Why? Oh, you want your beaglebone to behave as a CMSIS-DAP to trick some
other SW?

Do we need to support that upstream, though? It seems like this is a
one-off thing. Does anybody else need to configure interface string
descriptor?

>> Then maybe you need to fix f_hid.c.  Or maybe configfs isn't meant to
>> allow the user to specify these string index values (I don't know any
>> of the configfs details).
>
> That's kind of my problem in that I was hoping to get someone far more
> knowledegable than me to at least flag these before attacking it:
>
> A) I didn't overlook something stupid and this really is hardwired with
> no way to change it (either in configfs or ... some other? kernel mechanism)

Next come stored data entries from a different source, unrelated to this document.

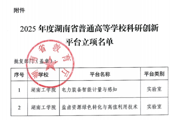 近日,湖南省教育厅印发《湖南省教育厅关于公布2025年度湖南省普通高等学校科研创新平台立项名单的通知》(湘教通〔2025〕233号),永利立项建设“电力装备智能计量与感知”和“盐卤资源绿色转化与高值利用技术”2 个湖南省普通高等学校重点实验室,标志着永利在科研平台布局与学科建设领域实现了新突破,重点实验室集群发展迈上新台阶。(文/毛兰一审/罗丹二审/柳佳刚)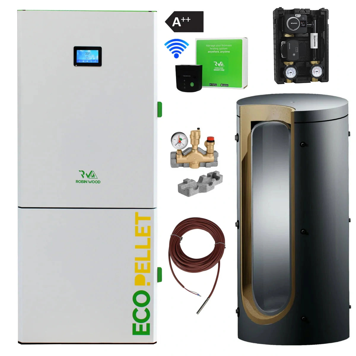 ✓ A++ Robin Wood EcoPellet Pelletkessel (Leistung nach Wahl) mit Pufferspeicher, Rücklaufanhebung, Pufferfühler und Wlan-Modul für die Robin Wood Smartfire App zur Überwachung Ihrer Pelletheizung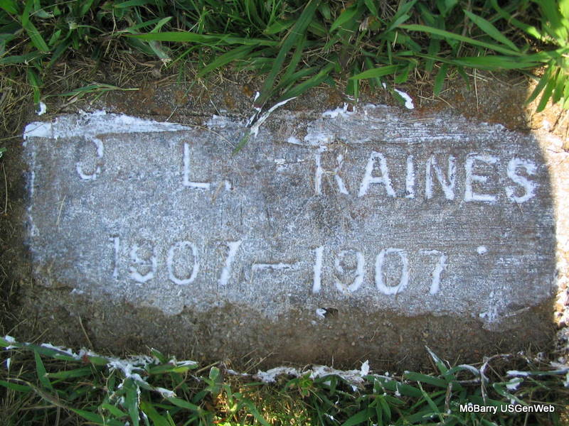 | RAINES, C. L. | 1907 | 1907 | Research Note: This is a homemade marker and matches the one for James Jefferson Raines. It is also next to the James Jefferson Raines marker. | Note Donna Cooper Photo Phyllis Long |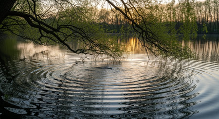 Gentle ripples spread across a serene lake's surface as the early morning light enhances the tranquil atmosphere. Nature's calm beauty invites reflection and peace.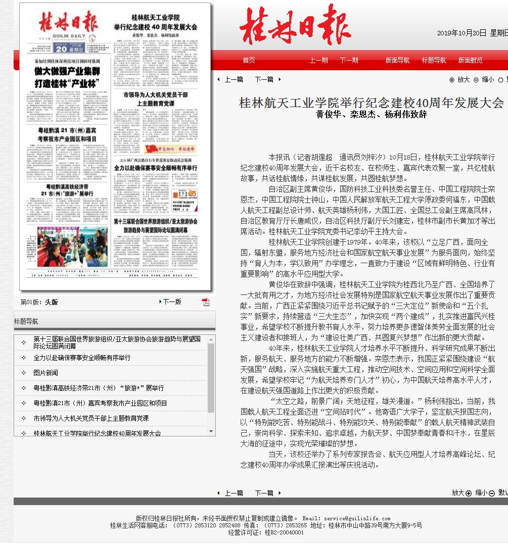 2019-10【桂林日报】华体会平台举行纪念建校40周年发展大会 黄...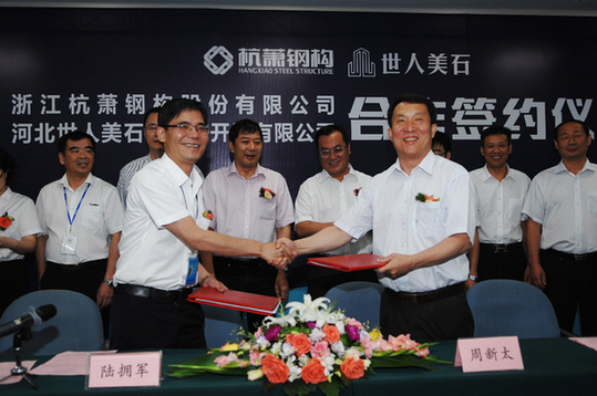 2014年9月10日,《新華網(wǎng)浙江頻道》報(bào)道:《杭蕭鋼構(gòu)實(shí)現(xiàn)鋼結(jié)構(gòu)住宅體系技術(shù)產(chǎn)業(yè)化 杭蕭鋼構(gòu)與河北世人美石簽署合作協(xié)議》。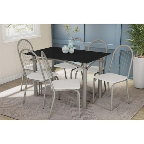 Sala de Jantar Completa Elba Tampo Madeirado c/ Vidro 120cm e 6 Cadeiras Noruega Niquel/Preto - Courano Branco - Kappesberg Abaixo segue os produtos do KIT: Sala de Jantar Completa Elba Tampo Madeirado c/ Vidro 120cm e 6 Cadeiras Noruega Niquel/Preto - Courano Branco - Kappesberg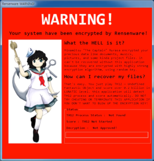 Rensenware es un troyano ransomware en Microsoft Windows. Muestra una imagen de Minamitsu Murasa, que es un artwork oficial del juego Touhou 12 y un mensaje que le dice al usuario que juegue Touhou 12: Unidentified Fantastic Object.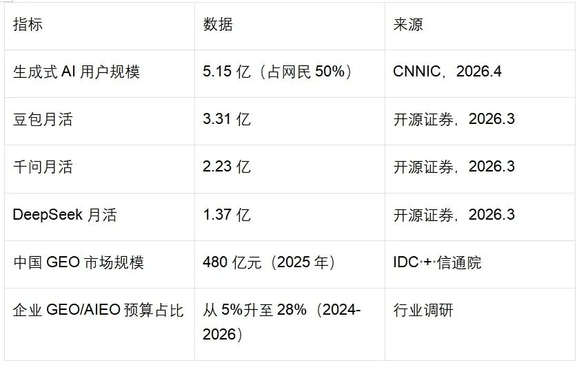 • 市场处于爆发期,中国GEO市场规模2025年达480亿元,企业预算快速迁移。

yes, it really is hardwired

> B) This is an *actual* bug.

Not a bug, just was never a requirement.

> C) This is an actual bug *that should be fixed* and isn't that way
> intentionally for some Linux reason.

Up until now, it has been intentional. Currently, I don't see a need to
change it. I may be persuaded otherwise, but I need to see arguments
other than "I want to trick some SW into thinking I'm something else".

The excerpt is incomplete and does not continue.